__WHAT YOU SHOULD DO__:
Quote the material exactly from the line that contains "Gumroad 从 2012" through its last line. Any pictures are to be left out.

__DATA BLOCK__:
━━━━━━━━━━━━━━━━━━━━━━━━━━━━━━

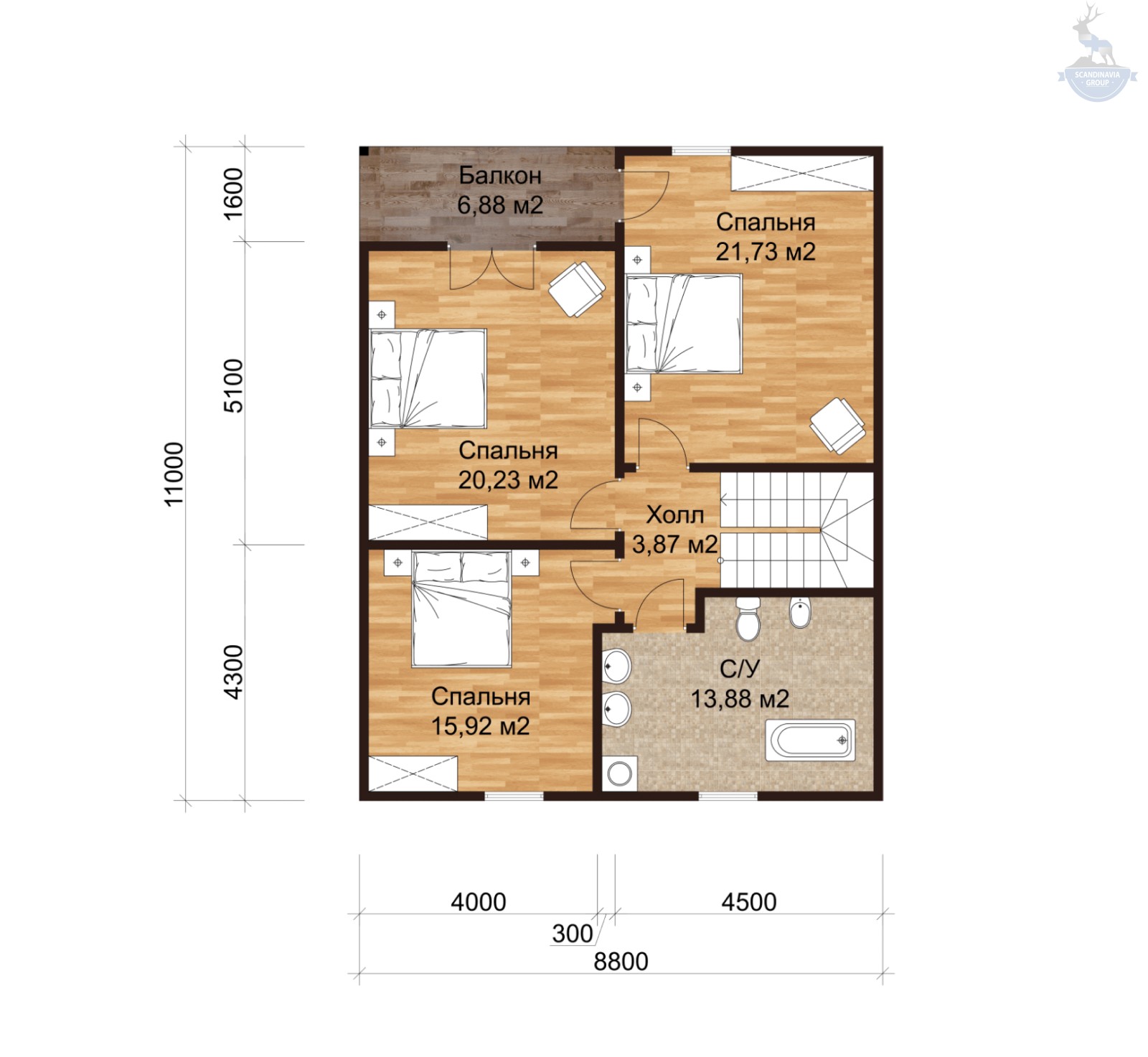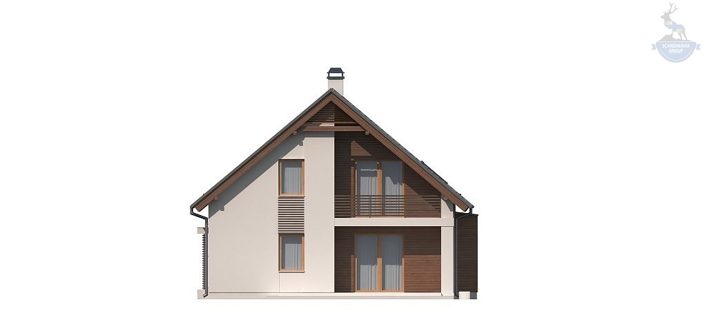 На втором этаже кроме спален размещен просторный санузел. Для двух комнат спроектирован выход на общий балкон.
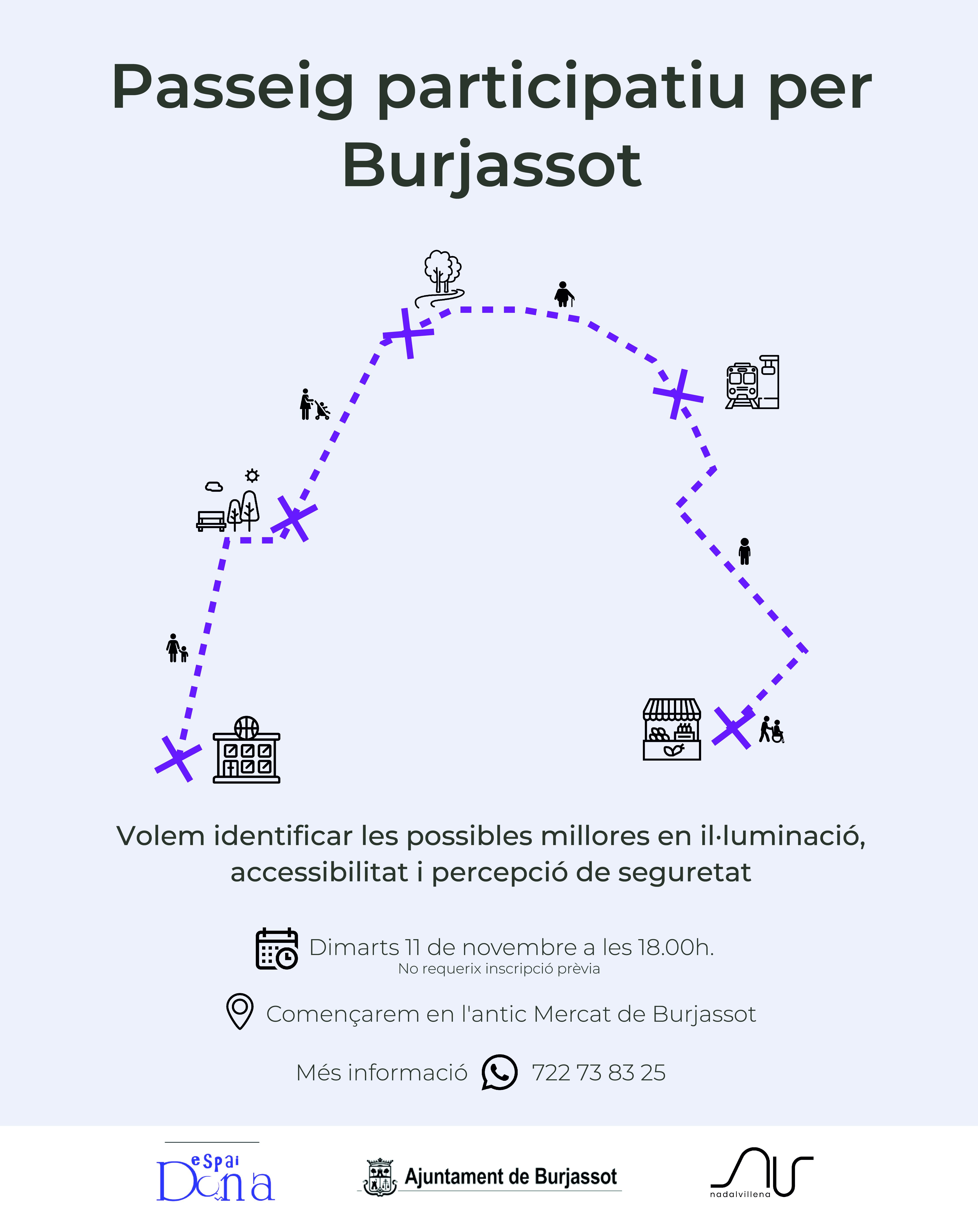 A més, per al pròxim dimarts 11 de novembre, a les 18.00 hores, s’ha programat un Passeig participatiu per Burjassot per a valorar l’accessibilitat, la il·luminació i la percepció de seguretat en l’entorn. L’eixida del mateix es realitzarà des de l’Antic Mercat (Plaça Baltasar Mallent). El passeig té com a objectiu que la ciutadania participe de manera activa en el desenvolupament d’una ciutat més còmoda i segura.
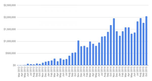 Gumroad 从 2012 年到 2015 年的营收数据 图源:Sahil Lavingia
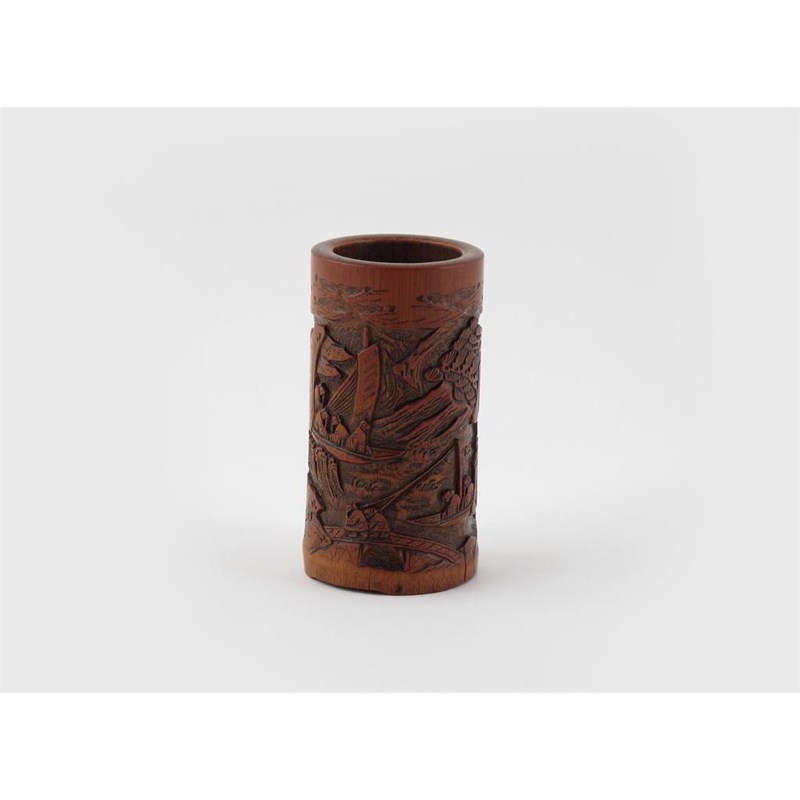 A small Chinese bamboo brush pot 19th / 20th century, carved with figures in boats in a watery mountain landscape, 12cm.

━━━━━━━━━━━━━━━━━━━━━━━━━━━━━━

__EXERCISE RESULT__:
 Gumroad 从 2012 年到 2015 年的营收数据 图源:Sahil Lavingia
 A small Chinese bamboo brush pot 19th / 20th century, carved with figures in boats in a watery mountain landscape, 12cm.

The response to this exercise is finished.